Under the hood, the builder constructs the JSON Schema you saw in Chapter 1. The last argument (true) marks the parameter as required.

Why #[async_trait] instead of plain async fn?

You might wonder why we use the async_trait macro instead of writing async fn directly in the trait. The reason is trait object compatibility.

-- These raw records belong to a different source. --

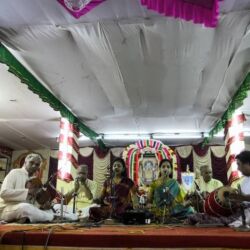 Since the silver jubilee year, it has been a practice to host two Carnatic concerts, vocal or instrumental, Friday and Sunday evenings each. They replaced Mrs. Kamala Moorthy’s Harikatha pravachanam (narrating stories from the Scriptures[Purana]).
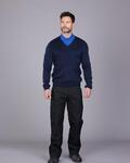 Standard fit, Set in sleeve, Knitted saddle shoulder, Knitted rib neck, cuff and welt, V neck style
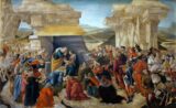Botticelli, Sandro (c.1445-1510) Adorazione dei Magi (Adoration of the Magi) 1478–1482 Tempera and oil on panel, 68 x 102 cm National Gallery of Art, Washington About three dozen people gather in a grassy field to either side of a crumbling structure to…
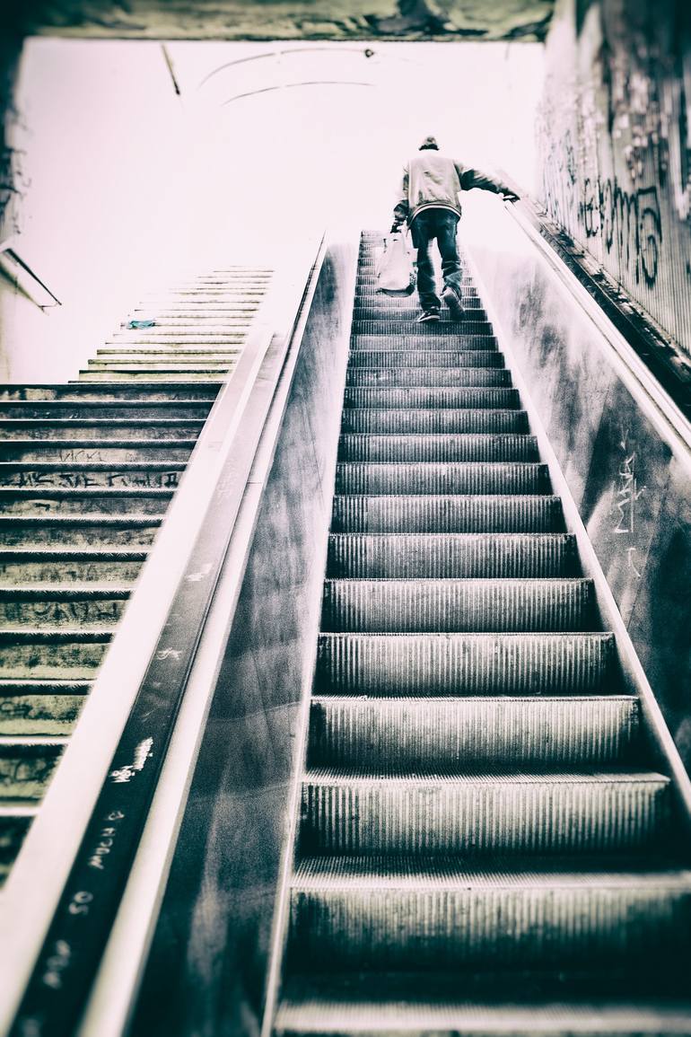 Urban Climber ascending an uninviting escalator from out the depths into the light.
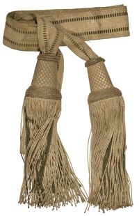 SILVER BULLION & GREEN SASH, 1 7/8" Wide, 84" long with 7" tassels. High quality vintage sash in great condition. Has reinforcing backer on middle 41" of sash, Original.
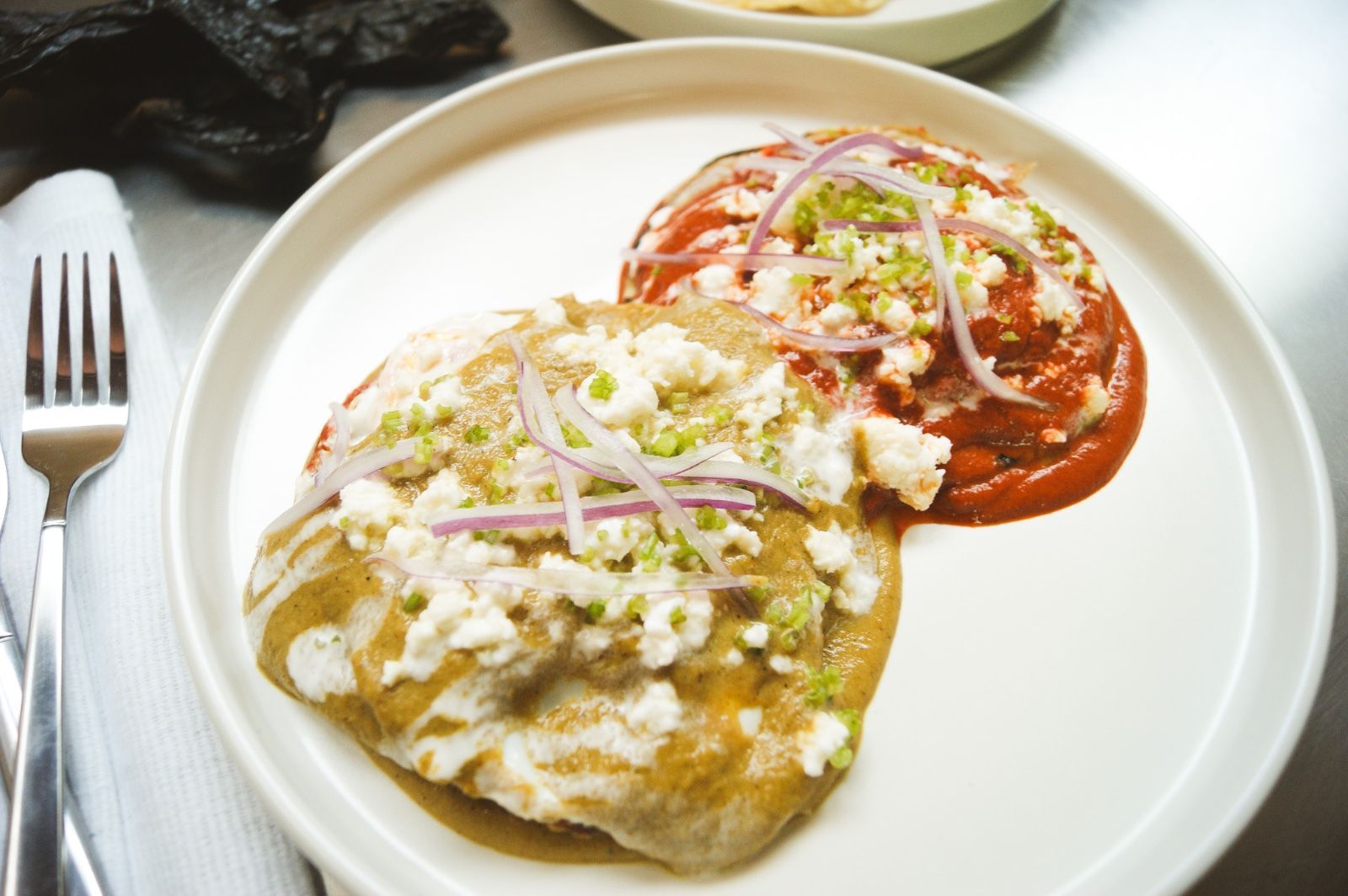 Dos huevos estrellados acompañados de dos enchiladas con papas en salsa guajillo.
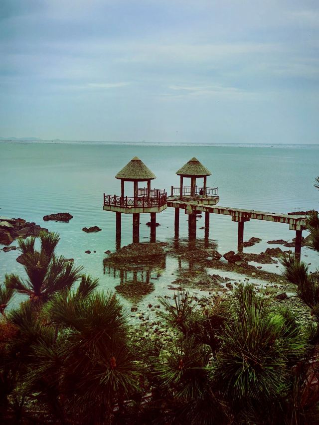 2分 一般看看风景还不错,对面养马岛,天气晴好时能看见远处的威海,海水浴场不好,没有冲水设施、沙滩窄,还有快艇在人群中冲撞。
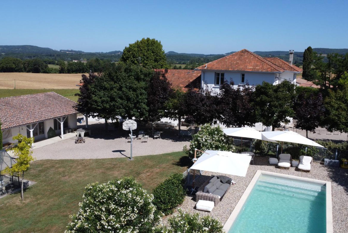 Cette propriété exceptionnelle située dans le Lot-et-Garonne est une ancienne école entièrement rénovée en maison familiale moderne et confortable. Elle conserve son caractère d’origine tout en offrant des prestations haut de gamme : piscine, jardin clos, cour couverte et équipements de loisirs. La maison s’étend sur trois niveaux et propose de vastes espaces de vie lumineux, plusieurs chambres dont une suite parentale, ainsi que des zones pouvant être aménagées en logement indépendant ou chambres d’hôtes. Deux garages, un espace commercial et un grand parking complètent l’ensemble. Un bien rare, proche d’un village dynamique, idéal pour un projet de vie ou d’accueil.
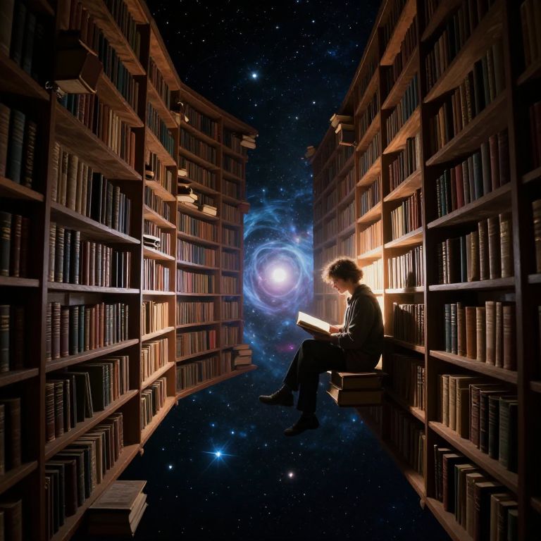 In a celestial library suspended between worlds, the glow of cosmic light illuminates ancient tomes, while solitary scholars delve into the mysteries of existence, their thoughts echoing through the void like whispers of eternity.
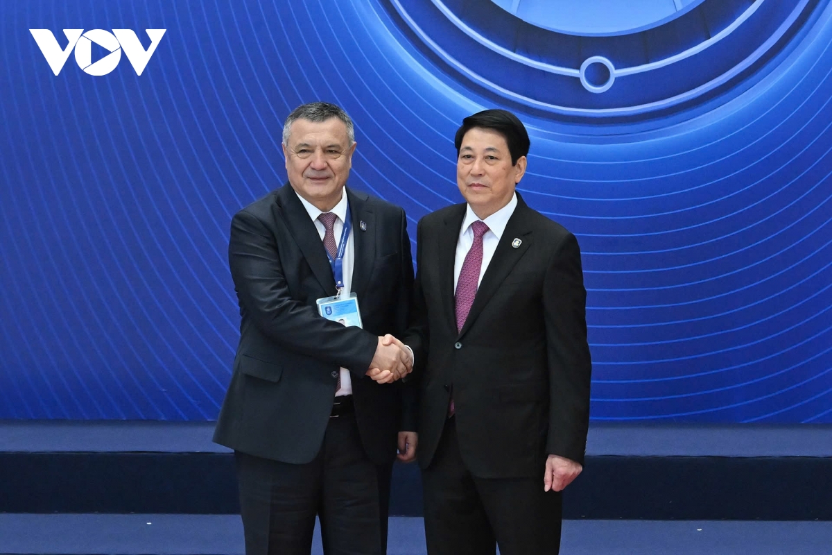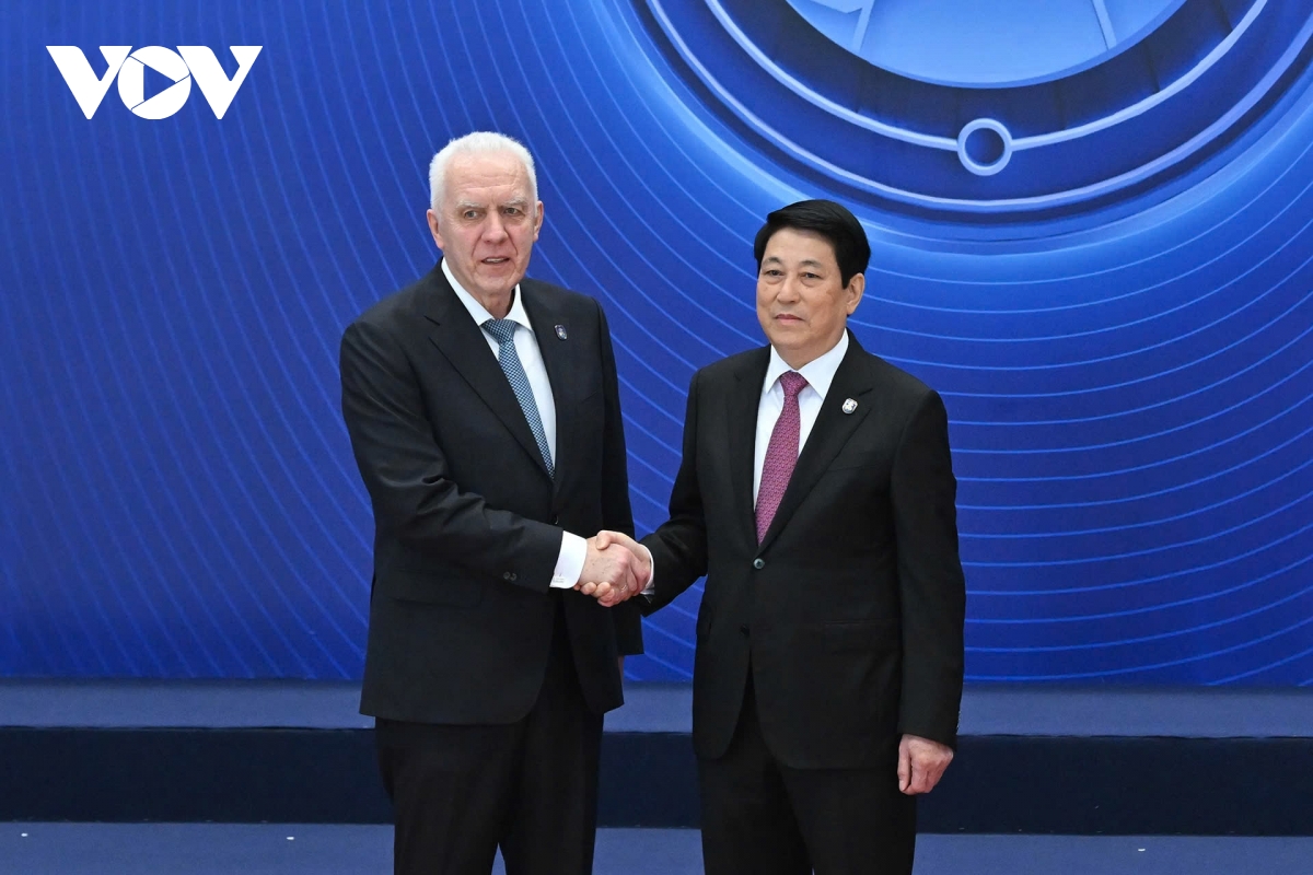 Chủ tịch nước Lương Cường đón các đại biểu tham dự Lễ mở ký Công ước Hà Nội
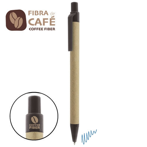 Stift aus recyceltem Karton und brauner Faser, einem abbaubaren und langlebigen Material aus Kaffeesatz, was zu einem nachhaltigeren Produkt führt. Blaue Schrift
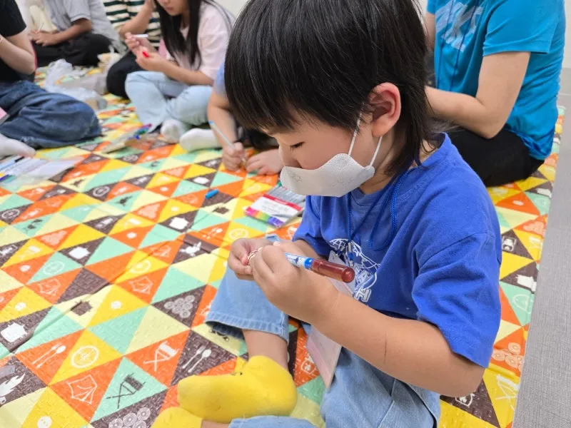 팽이에 색칠을 하는 어린이의 진지한 모습에서 사뭇 장인의 포스가 느껴집니다.
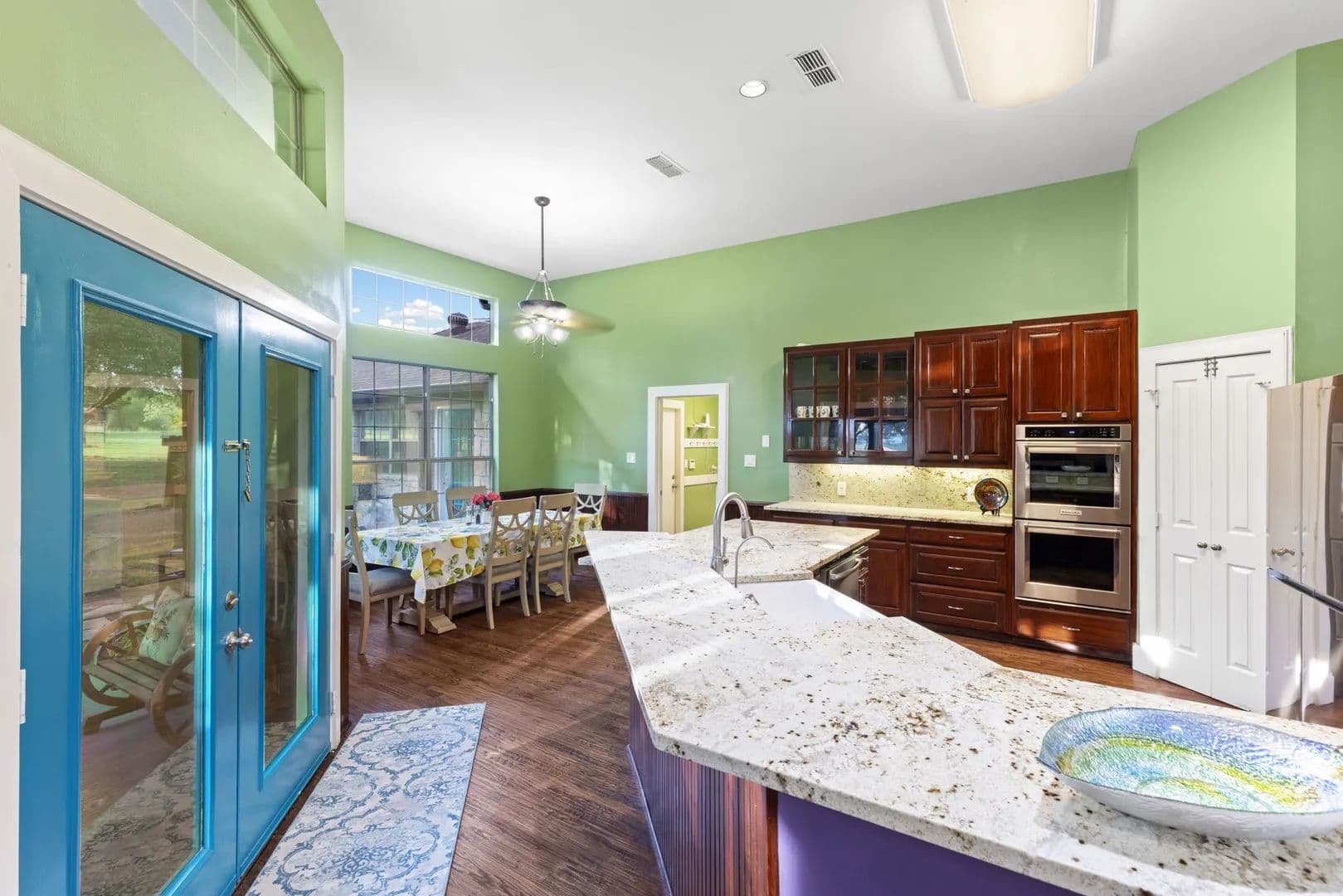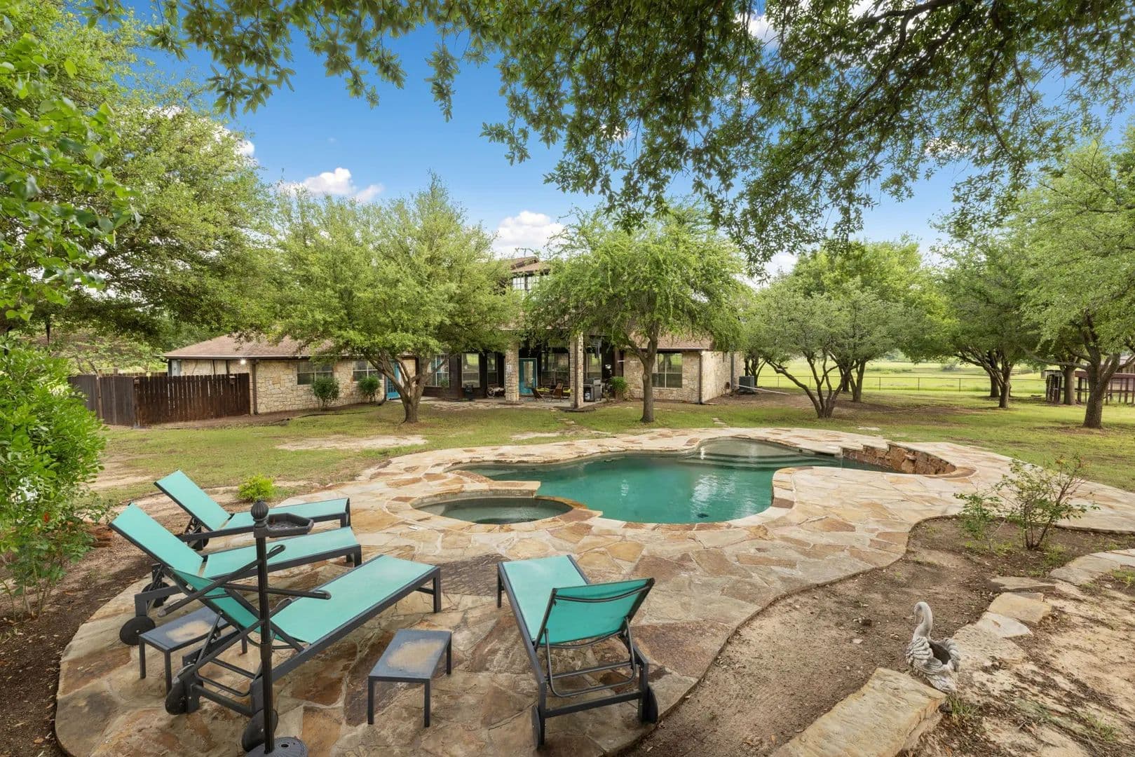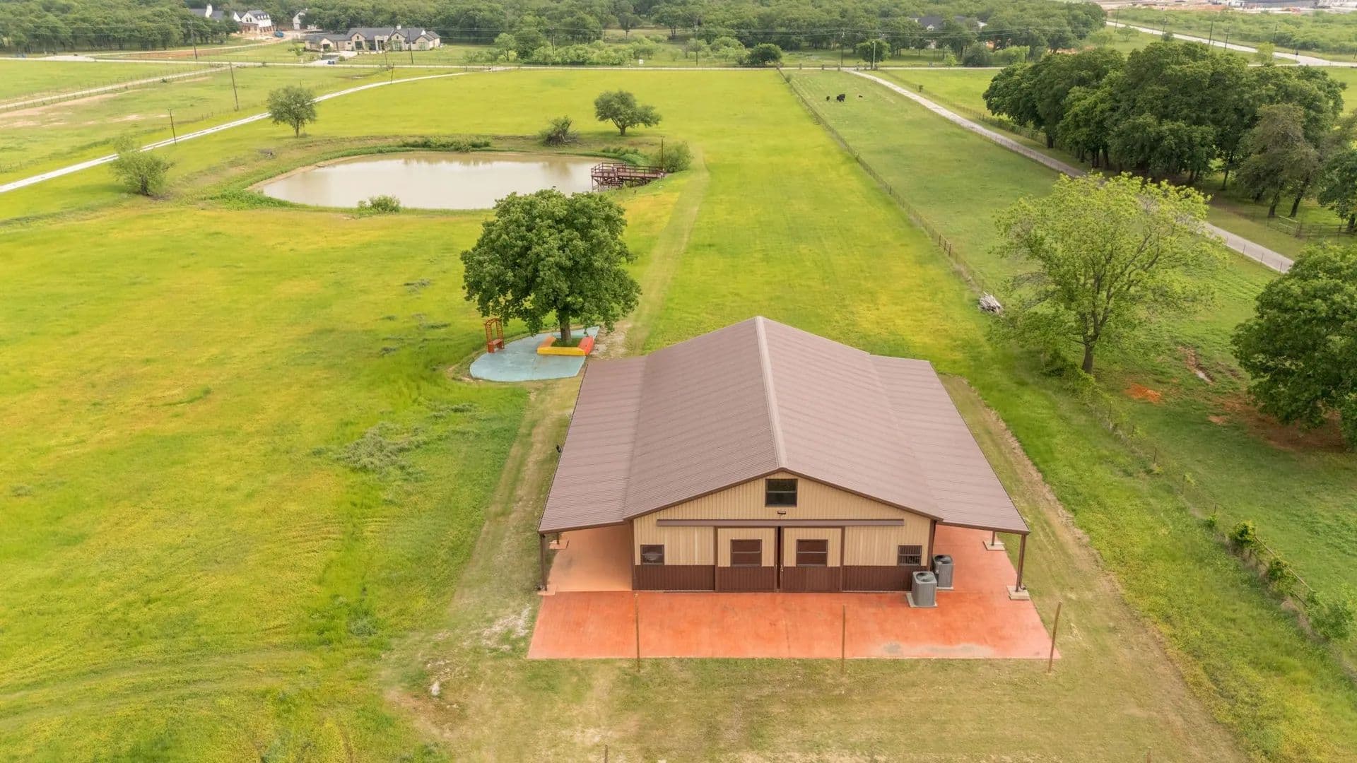Welcome to Kava Ranch – A Private Oasis in the Heart of Argyle Welcome to your private ranch retreat on 12.54 acres in sought-after Argyle—where modern upgrades meet timeless charm. This fully renovated 4,397 sq ft home offers both convenience and tranquility. Inside, you’ll find 4 spacious bedrooms (2 bedrooms downstairs, 2 bedrooms upstairs with ensuite bathrooms), 4 bathrooms, a dedicated office with a built-in 250-gallon fish tank, and a large family room featuring high ceilings, hand-scraped wood floors, and wood fireplace add character and warmth throughout. The gourmet kitchen is a chef’s dream, complete with premium appliances and elegant finishes. The luxurious primary suite includes a spa-like bathroom and a generous walk-in closet. Step outside to unwind by the sparkling pool or host unforgettable gatherings in the air-conditioned party barn—complete with a bar, kitchenette, and wine cooler. Perfect for animal lovers, the property includes loafing sheds, a chicken coop, and multiple storage buildings all with picturesque views of the pond. Additional features: 3-car garage, in-ground storm shelter, energy-efficient LED lighting, and a Trinity aquifer well for irrigation.
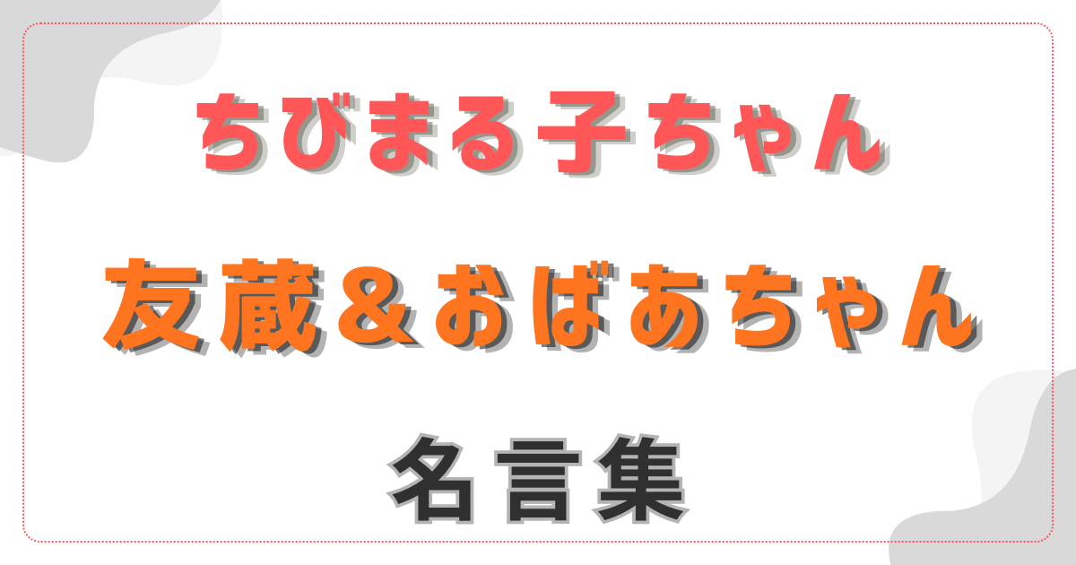 『ちびまる子ちゃん』の友蔵とおばあちゃんの名言を振り返ると、そこには笑いと共に、人生を少しだけ楽にするヒントが散りばめられていました。

Later, in the agent loop, we will store tools in a ToolSet – a HashMap-backed collection of different tool types behind a common interface. This requires dynamic dispatch, which means the compiler needs to know the size of the return type at compile time.

async fn in traits generates a different, uniquely-sized Future type for each implementation. That breaks dynamic dispatch. The #[async_trait] macro automatically rewrites async fn into a method that returns Pin<Box<dyn Future<...>>>, which has a known, fixed size regardless of which tool produced it. You write normal async fn code, and the macro handles the boxing for you.

Here is the data flow when the agent calls a tool:

flowchart LR
    A["LLM returns<br/>ToolCall"] --> B["args: JSON Value<br/>{&quot;path&quot;: &quot;f.txt&quot;}"]
    B --> C["Tool::call(args)"]
    C --> D["Result: String<br/>(file contents)"]
    D --> E["Sent back to LLM<br/>as ToolResult"]

The LLM never touches the filesystem. It produces a JSON request, your code executes it, and returns a string.

The implementation

Open mini-claw-code-starter/src/tools/read.rs. The struct, Default impl, and method signatures are already provided.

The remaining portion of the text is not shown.